Dutzmann: "Wir brauchen eine viel stärkere Willkommenskultur"

Obwohl man schon beim 50. Verhandlungstag sei, gehe es bisher allein um die Rekonstruktion der Morde. Erst jetzt würden auch die NSU-Struktur und Hintergründe vor Gericht behandelt. Doch Journalistin Andrea Röpke glaubt nicht, dass es eine juristische Aufarbeitung geben wird. Zwar seien beim Münchner Prozess mehr als 600 Zeugen geladen, aber fast keiner von ihnen stamme aus der rechten Szene. So könne das hinter dem NSU stehende Neonazi-Netzwerk niemals aufgedeckt werden.

Diese Auffassung teilt auch der freie Journalist Ulli Jentsch vom Projekt "NSU-Watch", das jetzt für sein bürgerschaftliches Engagement den Otto-Brenner-Preis zuerkannt bekommt. "Die Soko Bosporus und die Landesbehörden zeigen eine systematische Ausblendung der rassistischen Tätermotive. Auch der Untersuchungsausschuss des Bundestages vermeidet in seinem  Abschlussbericht den Begriff Rassismus. Die Behörden erscheinen wie eine black box, in der das Schweigekartell herrscht", sagt Jentsch, der seit gut 20 Jahren das Antifaschistische Pressearchiv und Bildungszentrum apabiz mit unterhält.

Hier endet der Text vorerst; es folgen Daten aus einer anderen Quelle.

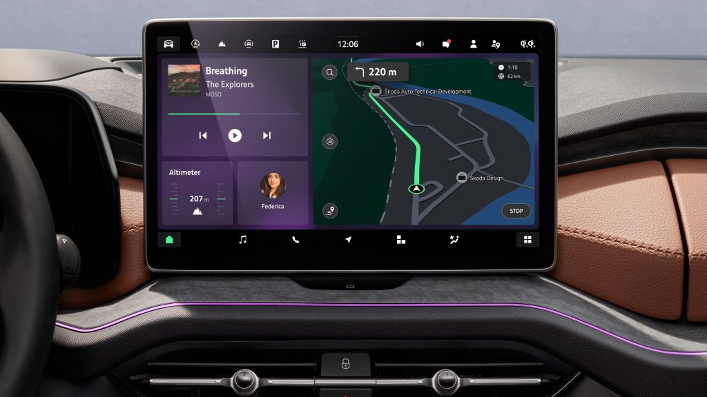 وكلمسةٍ خاصة من سكودا لإضفاء الأجواء المناسبة للعائلة، زوّدت المركبة بأربعة منافذ USB-C بقوة 45 واط، ومنفذ USB-C آخر بقوة 15 واط في مرآة الرؤية الخلفية. بالإضافة إلى 9 مكبرات صوت، مع نظام صوت كانتون بـ 14 مكبر صوت اختيارياً، وخاصية التدليك للمقاعد الأمامية.
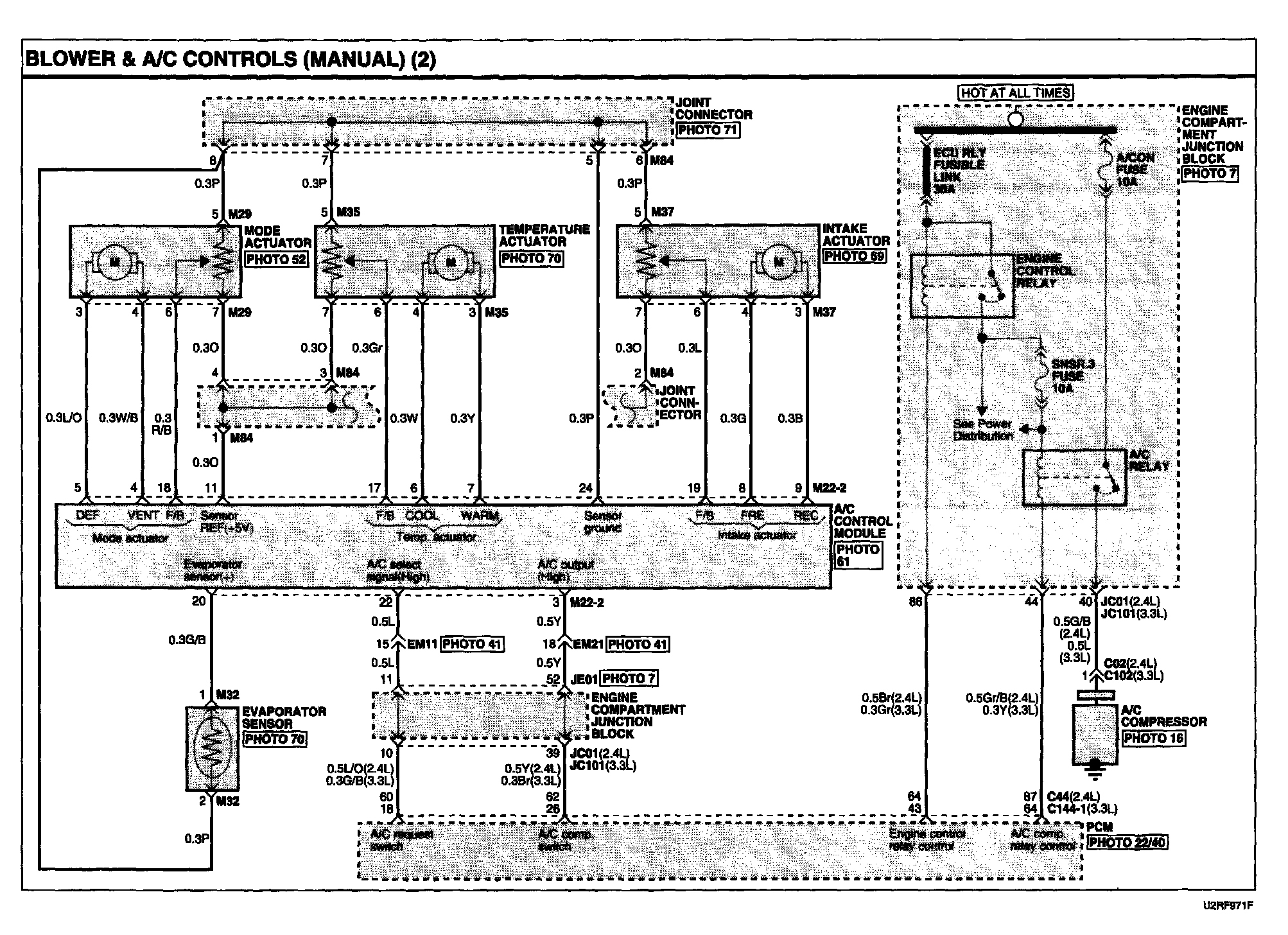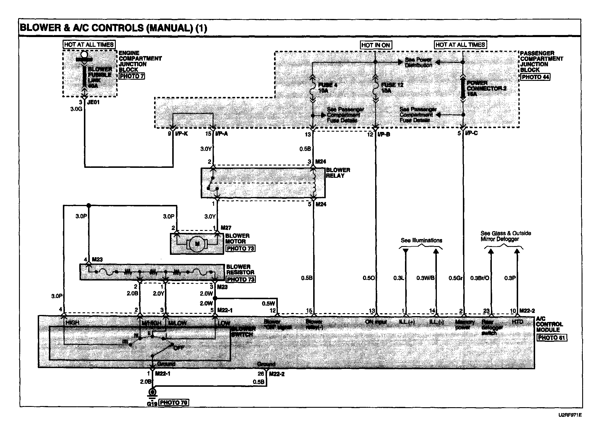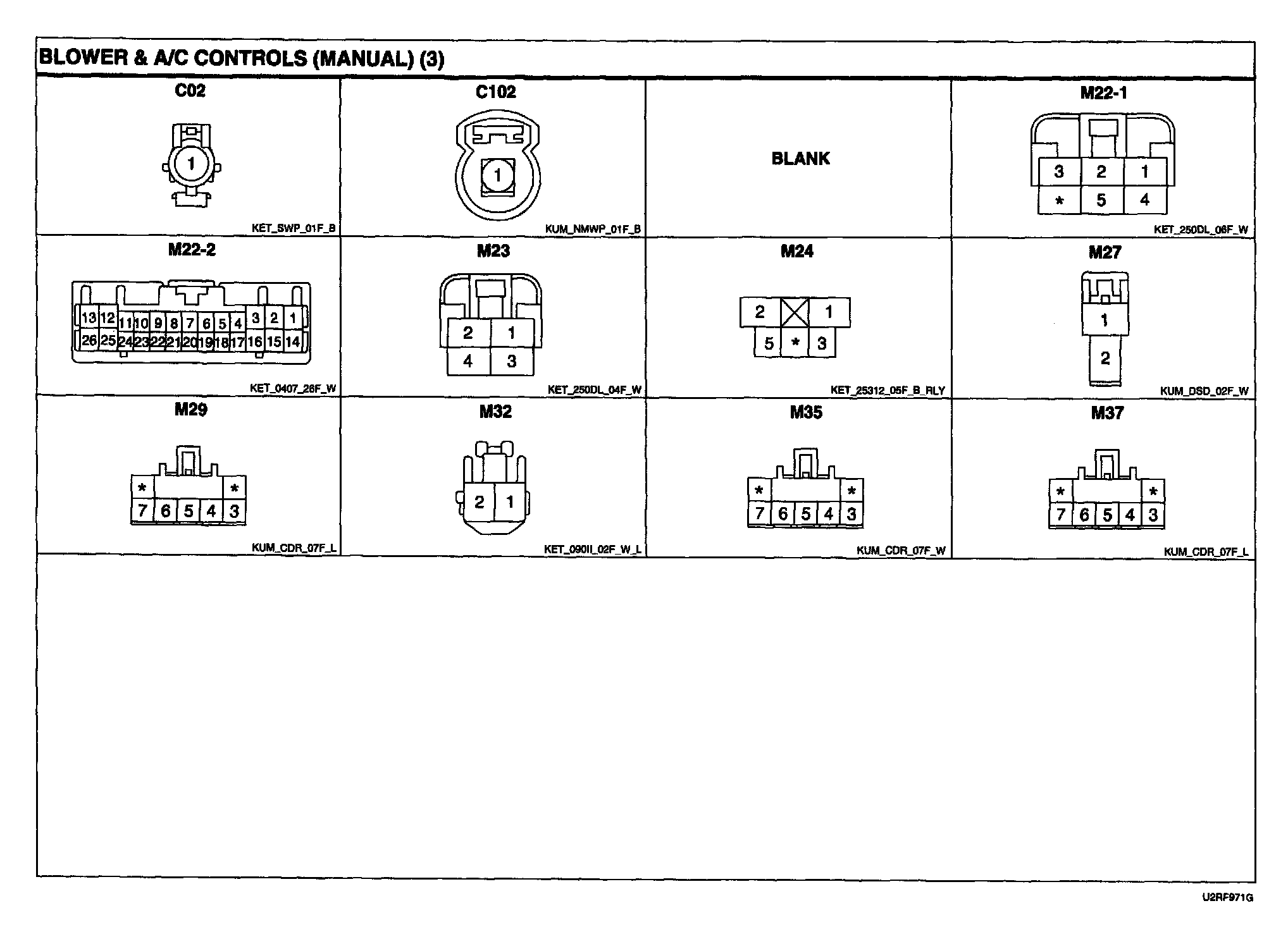 Blower & A/c Controls (Manual) Connector Pin Outs:

Martin Dutzmann, neuer EKD-Beauftragter bei der Bundesregierung, sieht bei der Bekämpfung des Rechtsradikalismus und Rassismus auch die Kirche in der Pflicht. "Wir sind Kirche eines Einwanderungslandes. Menschenverachtende Einstellungen finden sich eben auch in der Mitte der Gesellschaft. Wir brauchen eine viel stärkere Willkommenskultur", meint Dutzmann. Nicht nur in den Behörden sei viel mehr Präventionsarbeit nötig, um Beamte sensibler gegen die Gefahr von Rechts zu machen. Auch in den Gemeinden müsse man aufpassen und sich fragen, ob man sich dort entschieden genug gegen rechtes Gedankengut abgrenze.